Cervini Patrick, Bell Chaim M, Roberts Heidi C, Provost Yves L, Chung Tae-Bong, Paul Narinder S
Department of Diagnostic Imaging, Mount Sinai Hospital, Toronto, Ontario, Canada M5G 2N2.
Acad Radiol. 2008 May;15(5):556-62. doi: 10.1016/j.acra.2007.12.007.
To evaluate the interpretation of computed tomographic pulmonary angiograms performed outside of regular reporting hours, comparing the initial interpretation by the radiology resident to the attending radiologist.
Records for 840 consecutive computed tomographic pulmonary angiograms (CTPA) performed outside of regular reporting hours at two tertiary referral centers from January 1, 2004-December 31, 2005 were reviewed. The preliminary interpretation by the on-call radiology resident was compared to the subsequent final report issued by a subspecialty trained chest radiologist. Studies were stratified as positive, negative, or equivocal for pulmonary embolus. Cases with discordant interpretations or negative CTPA were reviewed to determine impact on clinical outcome. Patients were followed up to 12 months after CTPA to document any subsequent thromboembolic event.

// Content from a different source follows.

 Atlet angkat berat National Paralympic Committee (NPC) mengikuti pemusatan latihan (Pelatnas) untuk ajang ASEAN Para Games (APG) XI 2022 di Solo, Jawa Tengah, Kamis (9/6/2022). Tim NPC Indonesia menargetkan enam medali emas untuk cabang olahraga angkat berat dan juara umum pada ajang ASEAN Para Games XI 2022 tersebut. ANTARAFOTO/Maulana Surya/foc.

Sixteen percent (131/840) of CTPAs were reported positive by the staff radiologist. There was agreement in 90% (752/840) of studies (P = .76, 95% confidence interval, 0.71-0.81) with 86% (114/133) agreement for studies interpreted as positive by residents, 95% (582/612) for studies interpreted as negative by residents, and 63% (60/95) for studies interpreted as equivocal by residents. Studies of optimal quality had higher interobserver agreement than studies of suboptimal quality (P < .0001). In-patient studies were more likely to be positive than emergency room patients (20% vs. 13%) (P = .004). No adverse clinical outcomes were attributed to discordant interpretations.

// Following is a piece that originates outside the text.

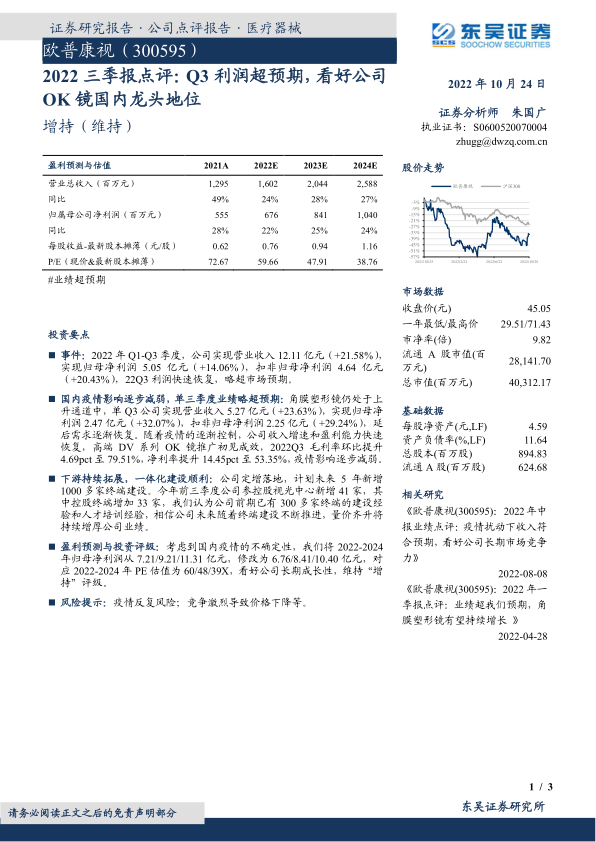 本报告对欧普康视2022年三季报进行了详细分析,指出公司Q3业绩超预期,利润快速恢复,主要受益于疫情影响减弱和公司一体化建设的推进。虽然下调了盈利预测,但维持“增持”评级,看好公司长期成长性。报告还提供了详细的财务预测数据,为投资者提供了参考依据。

Radiology residents provide a high level interpretation of on-call CTPA studies, achieving good concordance with the attending radiologists' assessment.
为评估在常规报告时间之外进行的计算机断层扫描肺血管造影的解读情况,比较放射科住院医师的初步解读与主治放射科医生的解读。
回顾了2004年1月1日至2005年12月31日期间在两个三级转诊中心常规报告时间之外进行的840例连续计算机断层扫描肺血管造影(CTPA)记录。将值班放射科住院医师的初步解读与随后由经过专科培训的胸部放射科医生出具的最终报告进行比较。研究被分为肺栓塞阳性、阴性或可疑。对解读不一致或CTPA为阴性的病例进行审查,以确定对临床结果的影响。对患者进行CTPA后长达12个月的随访,以记录任何后续的血栓栓塞事件。
放射科工作人员报告16%(131/840)的CTPA为阳性。90%(752/840)的研究结果一致(P = 0.76,95%置信区间,0.71 - 0.81),住院医师解读为阳性的研究中86%(114/133)结果一致,住院医师解读为阴性的研究中95%(582/612)结果一致,住院医师解读为可疑的研究中63%(60/95)结果一致。质量最佳的研究观察者间一致性高于质量欠佳的研究(P < 0.0001)。住院患者的研究比急诊室患者更可能为阳性(20%对13%)(P = 0.004)。解读不一致未导致不良临床后果。
放射科住院医师对值班CTPA研究提供了高水平解读,与主治放射科医生的评估具有良好的一致性。